↓

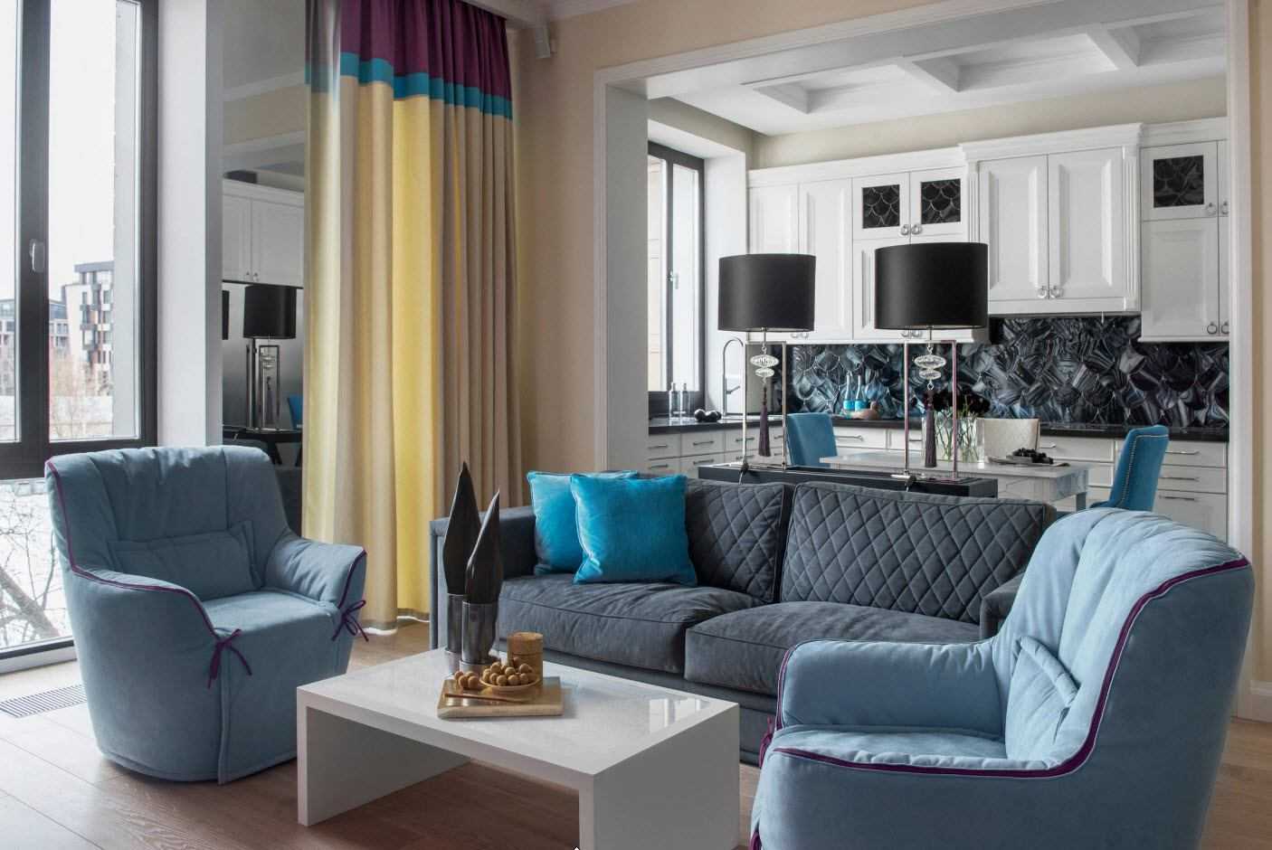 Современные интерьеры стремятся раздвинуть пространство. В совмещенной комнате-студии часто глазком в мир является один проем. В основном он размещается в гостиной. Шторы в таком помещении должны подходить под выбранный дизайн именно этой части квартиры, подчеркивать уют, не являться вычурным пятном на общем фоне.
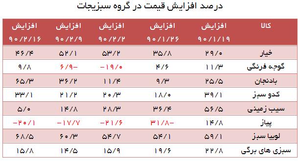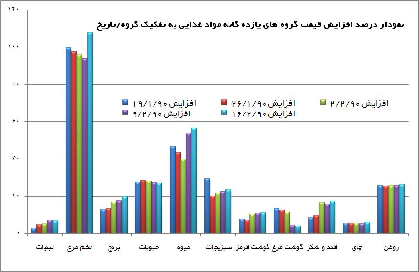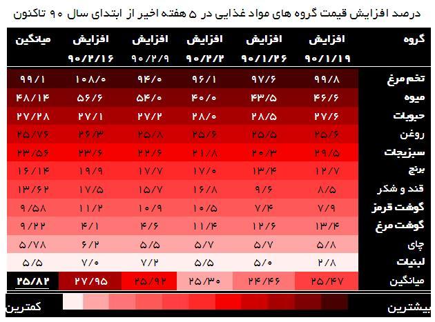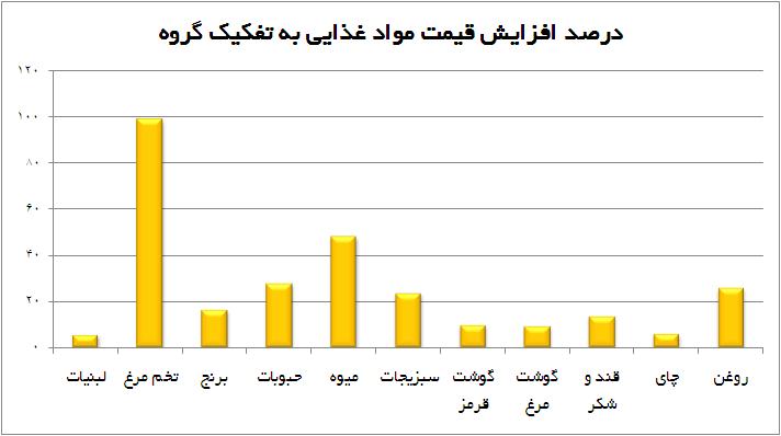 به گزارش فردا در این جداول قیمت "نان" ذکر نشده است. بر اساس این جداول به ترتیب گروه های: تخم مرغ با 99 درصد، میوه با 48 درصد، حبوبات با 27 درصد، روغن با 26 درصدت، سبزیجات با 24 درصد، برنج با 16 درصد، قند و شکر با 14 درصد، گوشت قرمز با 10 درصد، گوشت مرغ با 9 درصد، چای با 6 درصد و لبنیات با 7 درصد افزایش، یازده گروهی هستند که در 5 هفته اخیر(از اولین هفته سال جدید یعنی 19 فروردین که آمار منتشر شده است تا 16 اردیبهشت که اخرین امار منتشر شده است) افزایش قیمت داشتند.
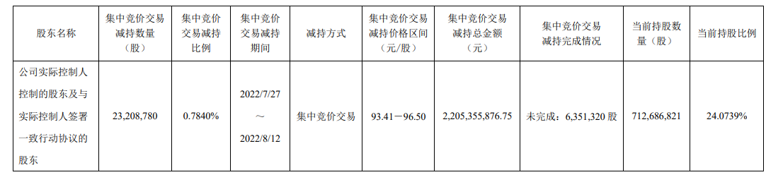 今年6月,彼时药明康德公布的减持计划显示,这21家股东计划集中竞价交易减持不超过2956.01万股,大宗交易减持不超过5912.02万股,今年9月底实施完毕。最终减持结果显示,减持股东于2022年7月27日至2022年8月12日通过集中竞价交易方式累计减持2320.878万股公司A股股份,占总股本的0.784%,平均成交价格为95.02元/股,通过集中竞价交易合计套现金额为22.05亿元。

↑

**Task requirements**
Without the pictures, repeat the line with "به گزارش فردا" and every line after it to the end of the listing, and nothing else.

**Result of the task**
 به گزارش فردا در این جداول قیمت "نان" ذکر نشده است. بر اساس این جداول به ترتیب گروه های: تخم مرغ با 99 درصد، میوه با 48 درصد، حبوبات با 27 درصد، روغن با 26 درصدت، سبزیجات با 24 درصد، برنج با 16 درصد، قند و شکر با 14 درصد، گوشت قرمز با 10 درصد، گوشت مرغ با 9 درصد، چای با 6 درصد و لبنیات با 7 درصد افزایش، یازده گروهی هستند که در 5 هفته اخیر(از اولین هفته سال جدید یعنی 19 فروردین که آمار منتشر شده است تا 16 اردیبهشت که اخرین امار منتشر شده است) افزایش قیمت داشتند.
 今年6月,彼时药明康德公布的减持计划显示,这21家股东计划集中竞价交易减持不超过2956.01万股,大宗交易减持不超过5912.02万股,今年9月底实施完毕。最终减持结果显示,减持股东于2022年7月27日至2022年8月12日通过集中竞价交易方式累计减持2320.878万股公司A股股份,占总股本的0.784%,平均成交价格为95.02元/股,通过集中竞价交易合计套现金额为22.05亿元。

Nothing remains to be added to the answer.